Très certainement, les initiatives de la gauche parlementaire peuvent en la matière jouer un rôle de catalyseur, pour autant qu’elles soient portées en lien et en bonne intelligence avec le mouvement social et la société civile. Ceci n’irait pas sans un effort de réévaluation de certaines conceptions : la « conquête du pouvoir » visée au nom et au moyen, selon les cas et les sensibilités, d’une « souveraineté populaire » ou d’une « social-démocratie » elles-mêmes figées par l’histoire, dans des cadres devenus trop étroits pour permettre le développement d’une société plus libre et égalitaire.

En conclusion, je souhaite évoquer d’un mot la pensée politique de Mably, philosophe que l’historienne Florence Gauthier m’a à juste titre mis sous les yeux, après avoir lu mon livre, où il manquait.

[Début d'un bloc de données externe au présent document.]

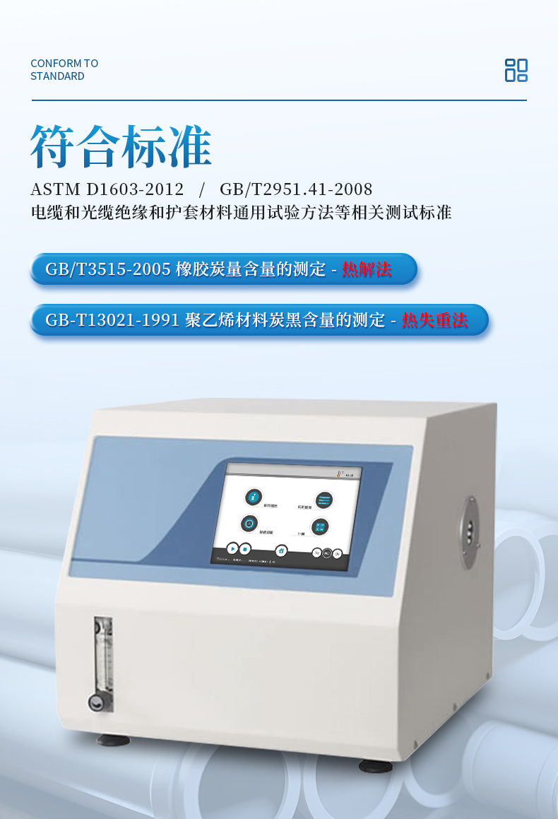 2 該儀器適用于聚乙烯、聚丙烯、聚丁烯塑料中炭黑含量的測(cè)定。
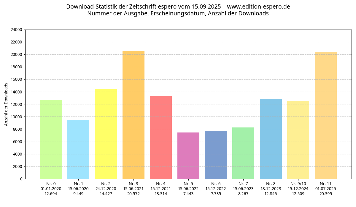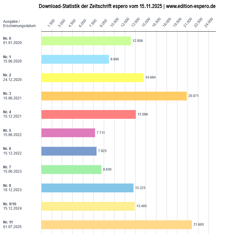 Hier findest Du alle bisher erschienenen Ausgaben der Zeitschrift espero zum kostenlosen Download. Durch einen Klick auf die jeweilige Ausgabe gelangst Du zur zugehörigen Seite mit weiteren Informationen – inklusive Editorial und Inhaltsverzeichnis. Du kannst auch unsere Zeitschrift per E-Mail an abonnieren. Als Abonnent:in erhälst Du dann per E-Mail eine Mitteilung über die aktuelle Neuerscheinung inkl. dem Download-Link zum Herunterladen der neuen Ausgabe.
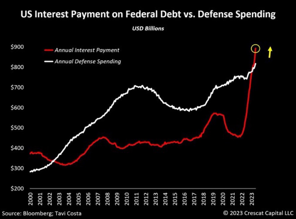 🇺🇸 🇺🇸 Annualized interest expense on US Federal debt is nearing $1.1 TRILLION. To put this in perspective, 2023 defense spending was $821 billion. This means the US is on track to spend 34% MORE on interest expense than defense spending

Il y a du profit à tirer d’une intelligence qui dans son siècle avait perçu très finement le rôle potentiel des institutions « représentatives », malgré leurs défauts, dans la transformation politique future de la société d’Ancien Régime.3 Nous ne sommes certes plus sous l’Ancien Régime, et l’Assemblée n’a que peu de choses à voir avec les états généraux – moins encore, avec les parlements… Toutefois, sans perdre de vue les aspects problématiques de nos institutions, qu’il nous faut œuvrer à corriger, c’est assurément dans leur fonctionnement, et tout particulièrement à travers l’affirmation des droits du Parlement, à l’initiative de la principale force politique manifestement capable et désireuse de les revendiquer, que nous pourrions trouver, en dialogue avec une société civile de plus en plus consciente, critique et mobilisée, les voies d’un indispensable sursaut démocratique.

1.Paris, Passés Composés, 2022.
2.Le Coup d’État permanent, Paris, Plon, 1964.
3.Des droits et devoirs du citoyen, paru en 1789 à titre posthume.